WTO Upholds NME Discrimination against China in US Law

A WTO panel has granted a mixed victory to Washington in its dispute with Beijing over the use of trade remedies, finding that a 2012 law allowing the US to impose anti-subsidy tariffs on non-market economies was in line with international trade rules. (DS 449)

At issue in the case was a bill passed by the US Congress in March 2012 that essentially preserved the Commerce Department’s authority to impose anti-subsidy tariffs - known formally as countervailing duties (CVD) - on subsidised goods from non-market economies (NMEs), such as China and Vietnam.

The legislation, which was also designed to apply retroactively, overrode a 2011 federal court ruling which held that US law did not permit such a practice. Beijing filed a WTO challenge shortly thereafter, objecting to the lack of transparency and due process in the enactment of the law.

The dispute panel ultimately found that the 2012 law did not bring about an increase in rates of countervailing duties on imports from China as an NME country, or impose a new restriction on those imports.

Furthermore, recognising that the 2012 law - as the US states - “ensured” the 2011 court ruling would “never have any effect under US law,” the panel found that the WTO provision raised by China does not prohibit a member from taking such legislative action.

China’s classification as an NME has long been a source of frustration between Beijing and some of its major trading partners, particularly the US and EU. Under WTO rules, goods from non-market economies can be treated differently when calculating anti-dumping duties, which are meant to counter instances where products are sold overseas below cost.
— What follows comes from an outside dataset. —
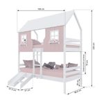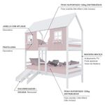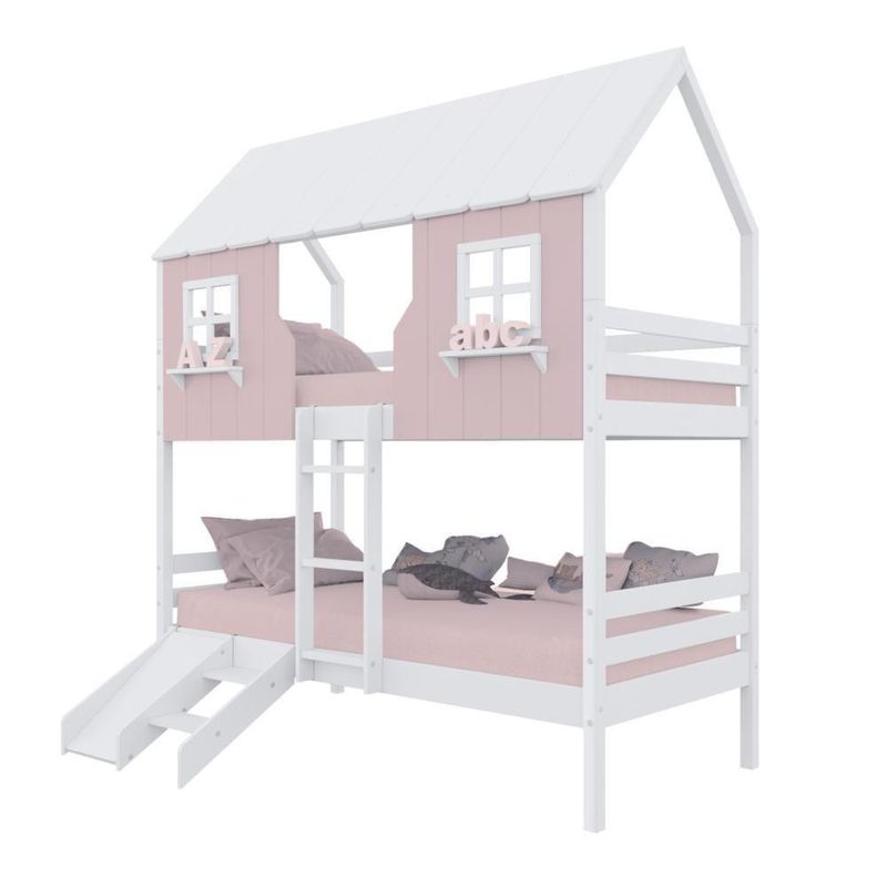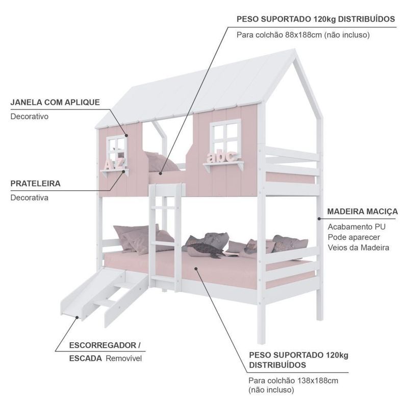 Beliche Casinha Encantada Com Kit Escada/ Escorregador Madeira Maciça Rosa/ Branco MegamobiliaDETALHESAcabamento: Rosa/ Branco PU (pode mostrar veios da madeira)Estrutura: Madeira Maciça de Pinus de ReflorestamentoMedidas dos Colchões da Cama (cm x cm): 88x188 (Não Incluso)Peso Suportado Cama: 120 KgDiferenciais: Escada Fixa, Casinha e Telhado com fechamento em MDF, Janela e Prateleira Decorativa, Kit Escada/ Escorregador.DIMENSÕES DO BELICHE MONTADOAltura (cm): 230Largura (cm): 199Profundidade (cm): 96,6INFORMAÇÕES COMPLEMENTARESGarantia do Fabricante: Prazo de 3 meses por de fabricaçãoNecessita de Montagem: SIM (Acompanha manual de montagem)Atenção: Não realizamos serviço de montagem e instalação. Imagens meramente ilustrativas. Cores e tonalidades podem variar.EMBALAGEMPeso (KG): 83,5Quantidade de Volumes: 05 Material Principal: Madeira Maciça | Cor Predominante: Rosa/ Branco | Necessita Montagem: Sim | Acompanha Colchão: Não | Tipo de Cama: Beliche Solteiro | Altura: 230 | Largura: 96,6 | Comprimento: 199 | Peso: 83 | Peso máximo suportado: 120 | Cor Via: Rosa/ Branco | Peso com Embalagem: 83 | Comprimento com Embalagem: 192 | Largura com Embalagem: 30 | Altura com Embalagem: 30 | Tamanho da Cama: Beliche Solteiro | Descrição do Tamanho: Beliche Solteiro | Quantidade de Caixas: 05

Double Duty of Anti-dumping + Anti Subsidy CVD Not Allowed

In these calculations, the US uses a surrogate country to determine what constitutes a “normal” market price for the goods in question, on the grounds that Chinese prices are distorted by government involvement in the market.

In some instances, however, certain calculation methodologies can lead to the imposition of so-called double remedies, in which both anti-dumping and countervailing duties are being applied on the same product, if the subsidies being targeted by the latter duties are also responsible in part for the dumping.
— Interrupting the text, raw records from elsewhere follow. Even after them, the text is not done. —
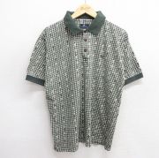 M★古着 ジバンシー 半袖 ブランド ポロ シャツ メンズ ワンポイントロゴ ゴルフ 総柄 コットン 薄緑他 チェック
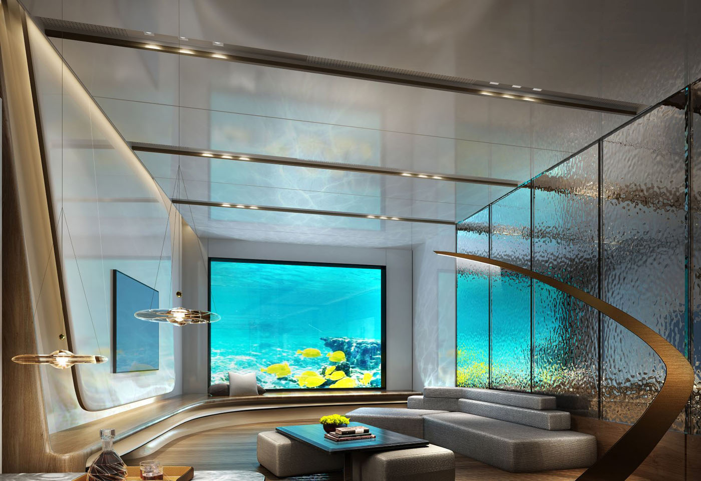 The hotel also has six underwater suites, which offer two levels: the landing deck at water level houses the outdoor terrace and living room, whilst the underwater level features a bedroom encased within a turquoise aquarium.
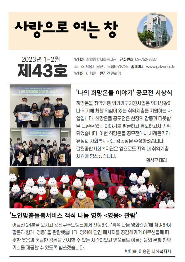 지역주민을 모시는 공동체로써 삶의질 향상에 최선을 다하겠습니다.

The panel found that the US had failed to investigate whether such double remedies arose from 25 CVD and anti-dumping proceedings, initiated over the period 2006-2012, involving certain goods from China.

Citing a previous Appellate Body decision on anti-dumping duties and CVDs (DS379), the panel said that these double remedies can also refer to “double counting,” and may therefore contravene global trade rules.

The exports targeted in those specific trade investigations included Chinese exports of paper, steel, tyres, magnets, chemicals, kitchen appliances, wood flooring, and wind towers, which Beijing officials say were worth over US$7.2 billion annually.

Beijing welcomed the finding on double remedies, urging Washington to “correct the erroneous practice of abusing trade remedy measures as soon as possible.”

Washington officials, meanwhile, have said that the Department of Commerce will review any possible overlap of countervailing and anti-dumping duties, while noting that the panel’s concerns deal with past determinations that were made before the 2012 law came into effect.

The 2012 law included language aimed at resolving the double remedy problem, specifically by requiring that the price margins used for calculating anti-dumping duties be adjusted in instances where the import’s low price is due partly to a subsidy.